Please write out only the lines from the line with "教授张礼建、陈飞、魏强和副教授陈培礼、蒋荣担任比赛评审,我院青年教师积极参赛。" to the line with "一見、セパレートをコーディネートしたようなニットとシルクのコンビネーションは、", inclusive, exactly as they stand below, without the pictures.
(RECORD EXTRACTS begins)
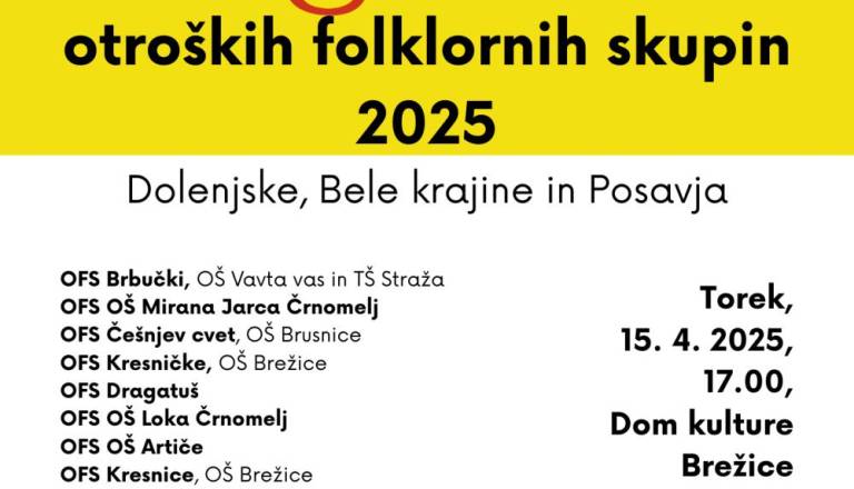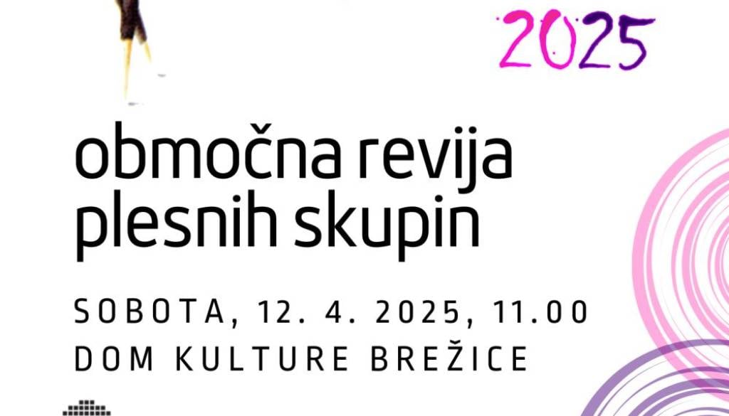 Dom kulture BrežiceSobota, 12. 4., ob 11.00 v Domu kulture Brežice: V plesnem vrtincu 2025 – območna revija plesnih skupin
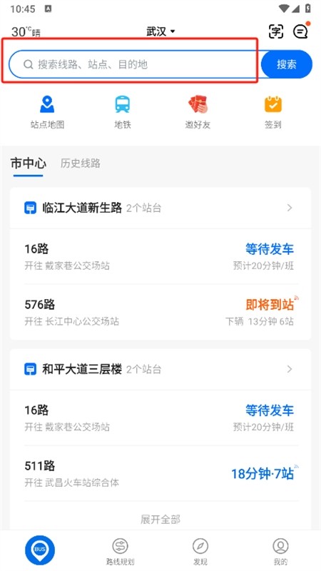 2、打开软件进入首页后,在上方搜索框输入线路、站点或者目的地
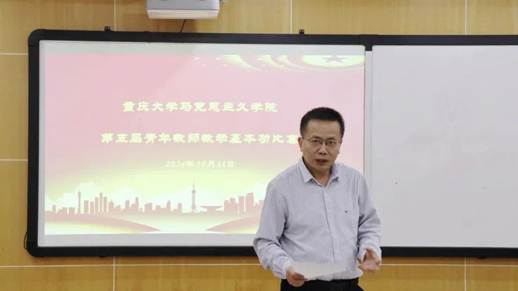 教授张礼建、陈飞、魏强和副教授陈培礼、蒋荣担任比赛评审,我院青年教师积极参赛。
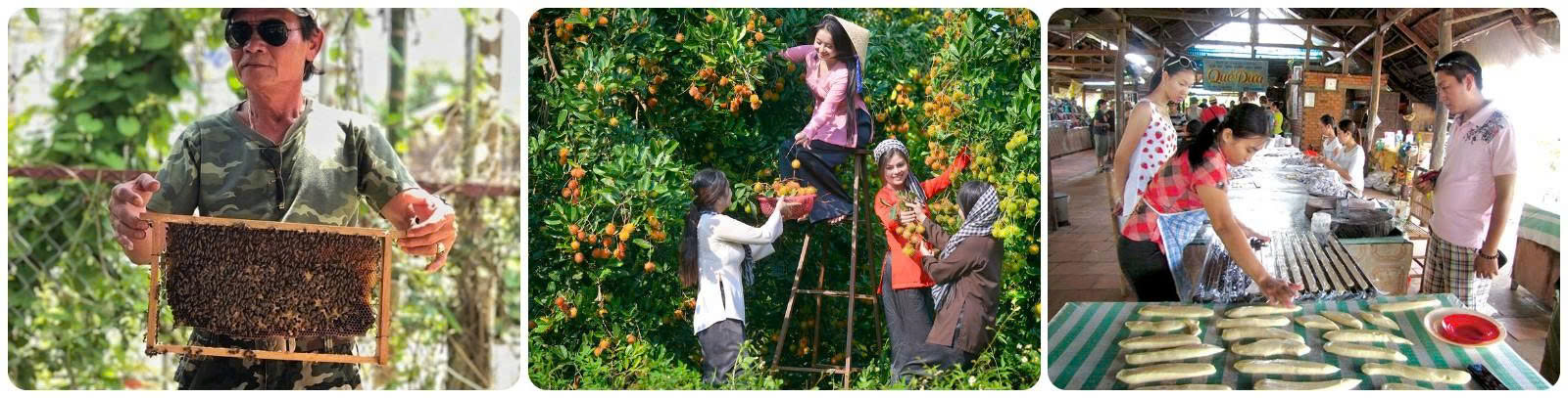 - Đến CỒN LÂN: Quý khách tham quan LÒ MẬT ONG, thưởng thức trà mật ong cùng với mứt trái cây. Sau đó hướng dẫn viên đưa đoàn dạo quanh làng, khám phá cuộc sống của người dân Miền Tây sông nước.
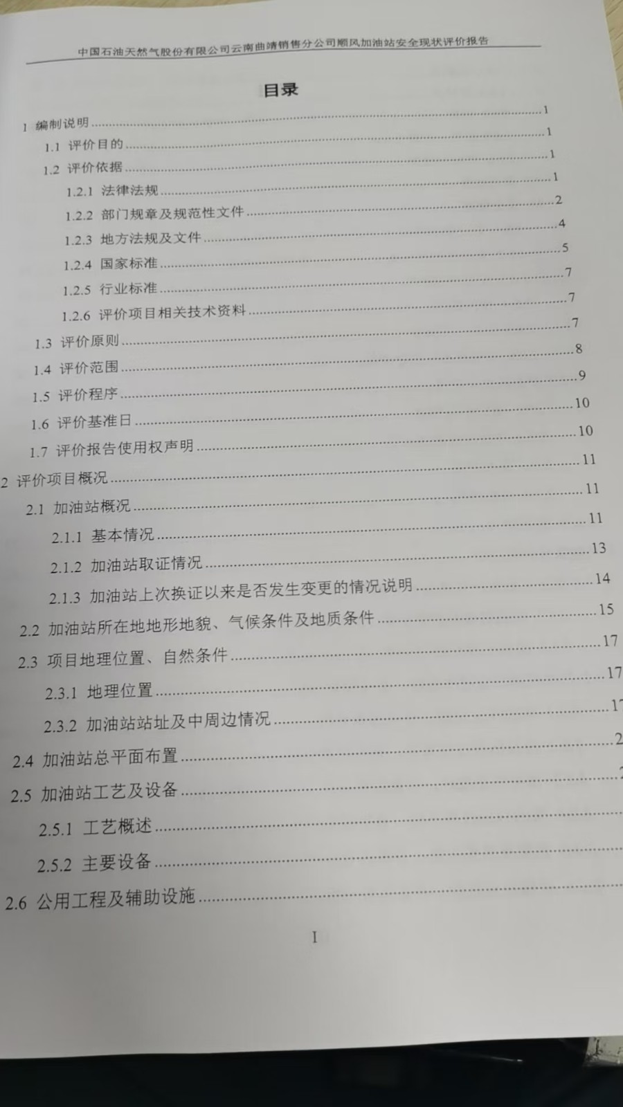 项目名称 | 中国石油天然气股份有限公司云南曲靖销售分公司顺风加油站安全现状评价报告 | ||||||
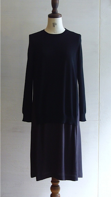 一見、セパレートをコーディネートしたようなニットとシルクのコンビネーションは、
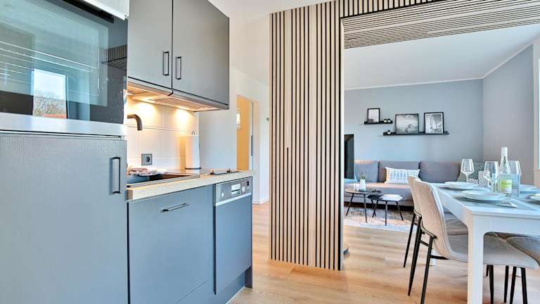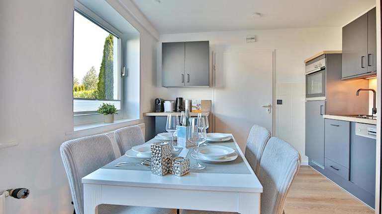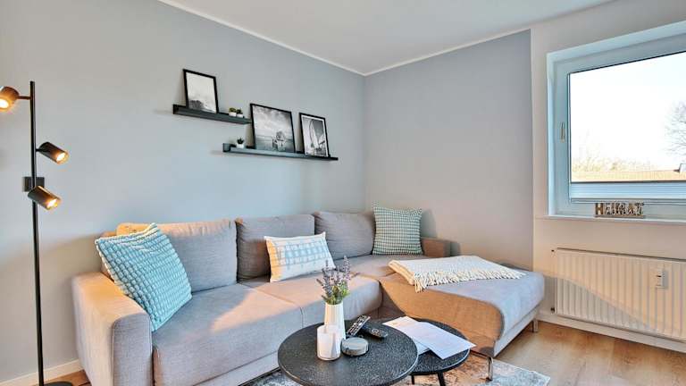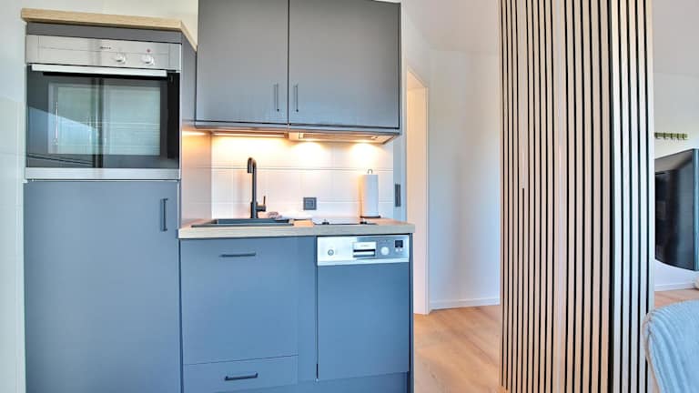 Die Ferienwohnung besteht aus einem Schlafzimmer, einem Wohnzimmer sowie einer voll ausgestatteten Küche, die mit einem Geschirrspüler und einem Wasserkocher ausgestattet ist. Zudem gibt es ein Badezimmer mit Dusche und Haartrockner. Bettwäsche und Handtücher sind nicht im Preis enthalten und können gegen einen Aufpreis in der Unterkunft ausgeliehen werden.
(RECORD EXTRACTS ends)
# SOLUTION
 教授张礼建、陈飞、魏强和副教授陈培礼、蒋荣担任比赛评审,我院青年教师积极参赛。
 - Đến CỒN LÂN: Quý khách tham quan LÒ MẬT ONG, thưởng thức trà mật ong cùng với mứt trái cây. Sau đó hướng dẫn viên đưa đoàn dạo quanh làng, khám phá cuộc sống của người dân Miền Tây sông nước.
 项目名称 | 中国石油天然气股份有限公司云南曲靖销售分公司顺风加油站安全现状评价报告 | ||||||
 一見、セパレートをコーディネートしたようなニットとシルクのコンビネーションは、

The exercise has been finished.